1. **Automated Testing**
   - ✅ Add integration test for connection cleanup
   - ✅ Add linter rule: `require-connection-cleanup`
   - ✅ Test error paths (not just happy path)

2. **Monitoring & Alerting**
   - ✅ Alert at 80% connection pool usage (early warning)
   - ✅ Alert on increasing connection count (detect leaks early)
   - ✅ Dashboard for connection pool metrics

3. **Capacity Planning**
   - ✅ Load test before high-traffic events
   - ✅ Review connection pool size quarterly
   - ✅ Auto-scaling for application (not just database)
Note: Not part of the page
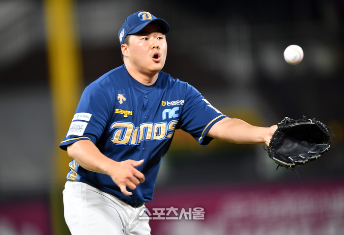 NC 우완불펜 한재승이 8일 수원KT위즈파크에서 열린 2024 프로야구 KT위즈와 NC다이노스 경기 8회말 선두타자 황재균의 땅볼타구를 글러브토스하고 있다. 2024.05.08. 수원 | 강영조기자 kanjo@sportsseoul.com

4. **Resilience Patterns**
   - ⏳ Circuit breaker (prevent cascade failures)
   - ⏳ Connection timeout (30s)
   - ⏳ Graceful degradation (fallback data)

---

### Process Improvements

1. **Code Review**
   - ✅ Checklist: Connection cleanup in error paths
   - ✅ Required reviewer: Someone familiar with DB best practices
   - ✅ Automated checks (linter, tests)

2. **Runbooks**
   - ✅ Create runbook: Connection Pool Exhaustion
   - ⏳ Create runbook: Database Performance Issues
   - ⏳ Quarterly runbook review/update

3. **Training**
   - ⏳ Database best practices training for developers
   - ⏳ Connection pool management workshop
   - ⏳ Incident response training

4. **Capacity Planning**
   - ✅ Load test before high-traffic events (Black Friday, launch days)
   - ⏳ Quarterly capacity review
   - ⏳ Traffic forecasting for events

---

### Cultural Improvements

1. **Blameless Culture**
   - This post-mortem focuses on systems, not individuals
   - Goal: Learn and improve, not blame

2. **Psychological Safety**
   - Encourage raising concerns (e.g., "I'm not sure about error handling")
   - No punishment for mistakes

3. **Continuous Learning**
   - Share post-mortems org-wide
   - Regular incident review meetings
   - Learn from other teams' incidents

---

## Recommendations

### Immediate (This Week)

- [x] Fix connection leak in code (DONE)
- [x] Add connection pool monitoring at 80% (DONE)
- [x] Create runbook for connection pool issues (DONE)
- [ ] Add automated test for connection cleanup
- [ ] Add linter rule for connection cleanup

### Short-term (This Month)

- [ ] Add connection timeout configuration
- [ ] Review all database queries for leaks
- [ ] Load test with 10x traffic
- [ ] Database best practices training

### Long-term (This Quarter)

- [ ] Implement circuit breakers
- [ ] Quarterly capacity planning process
- [ ] Add auto-scaling for application tier
- [ ] Regular runbook review/update process

---

## Supporting Information

### Related Incidents

- **2025-09-15**: Database connection pool exhausted (similar issue)
  - Same root cause (connection leak)
  - Should have prevented this incident!

- **2025-08-10**: Payment service OOM crash
  - Memory leak, different symptom

### Related Documentation

- [Database Architecture](https://wiki.example.com/db-arch)
- [Connection Pool Best Practices](https://wiki.example.com/db-pool)
- [Incident Response Process](https://wiki.example.com/incident-response)

### Metrics

**Availability**:
- Monthly uptime target: 99.9% (43.2 min downtime allowed)
- This month actual: 99.93% (30 min downtime)
- Status: ✅ Within SLA

**MTTR** (Mean Time To Resolution):
- This incident: 30 minutes
- Team average: 45 minutes
- Status: ✅ Better than average

---

## Acknowledgments

**Thanks to**:
- Jane (SRE) - Quick diagnosis and mitigation
- Mike (Developer) - Fast code fix
- Tom (DBA) - Connection pool scaling
- Customer Support team - Handling user complaints

---

## Sign-off

This post-mortem has been reviewed and approved:

- [x] Author: Jane (SRE) - YYYY-MM-DD
- [x] Engineering Lead: Mike - YYYY-MM-DD
- [x] Manager: Sarah - YYYY-MM-DD
- [x] Action items tracked in: [JIRA-1234](link)

**Next Review**: [Date] - Check action item progress

---

**Remember**: Incidents are learning opportunities. The goal is not to find fault, but to improve our systems and processes.